The problem is that the song doesn’t go anywhere from this point. The predictable, undistinguished beat machines then start beating their monotonous beat. They kill the potential magic of Loreen’s highly personal style. The lyrics, of the chorus as well as the following verses, do not develop the song’s theme on a sufficient level of quality, and their content is not matched by any further musical progression.

Loreen sings they (she and her lover) are “going up up up up up up”, that their euphoric love is “an everlasting piece of art”, that they “sail into infinity”, that they are “higher and higher and higher” and “reaching for divinity”. But the music doesn’t go higher. The “up up up up up up” part is really bad, both in terms of lyrics and music. The whole chorus is mediocre. One cannot lyrically express euphoria by simply repeating the word. The idea of focusing the whole chorus on this feeling alone, the passionate singing of the mere word for it, is misconceived, much too simple. And again, musically there is nothing in the song beyond what was there in the first verse and chorus – and was much better there, before the commonplace, mechanical beat terror.

A third compositional moment with a true transcendent lift-off of the kind the opening made us expect is missing. Instead, all that is added is the trite beat. When it stops for the second and the short third verse, one hopes the song will recover, as it were, but unfortunately the performance is then suddenly weaker in another decisive respect: it is difficult to hear most of the words Loreen sings.

The performance also, like almost all Eurovision songs in recent times as I understand it, relies much too heavily on dance and movement. This is simply a spectacularist substitute for quality songwriting and musical talent. Loreen’s sitting down on the floor (or podium) during the second and third verse is fine, genuinely expressive, feminine, intimate, and would have been even more so if the words could be heard and were better crafted. The qualities of the beginning could have been further developed.

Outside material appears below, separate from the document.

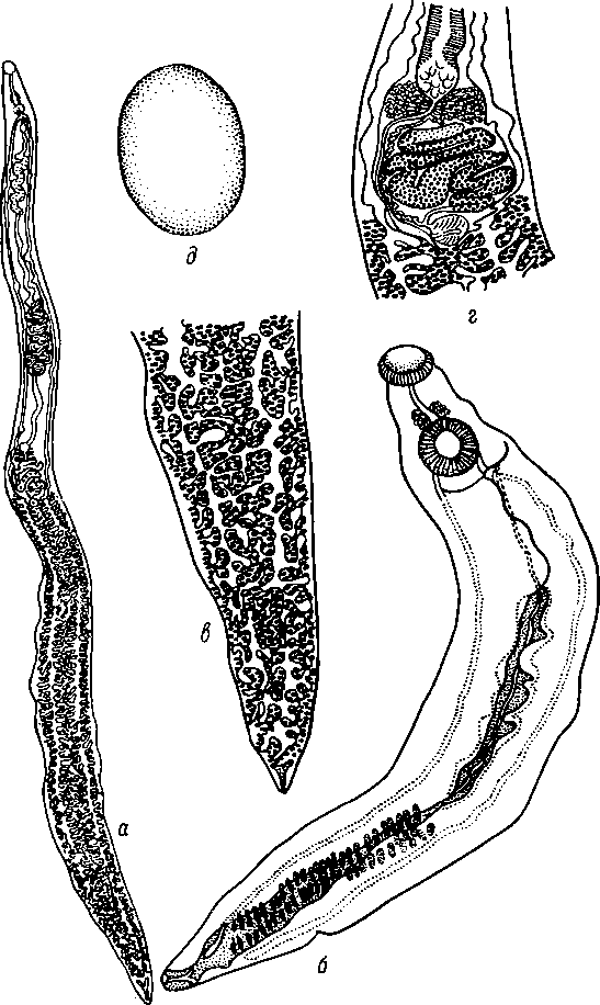 a — самка; 6 — самец; в, г — детали строения; д — яйцо

But the choreography of the chorus tends to confirm that its expressiveness is of a different kind, much too much of the empty screeching – so common in this genre – about strong passion or sublime emotion without any lyrical, musical and emotional basis or credibility. This is certainly not the pits of a Whitney Houston (I am sorry to have to express myself in this way about the recently departed singer). But it is also quite far from, for instance, Céline Dion’s two good songs (in the sense that songs in this genre are good), ‘Pour que tu m’aimes encore’ and ‘Je sais pas’.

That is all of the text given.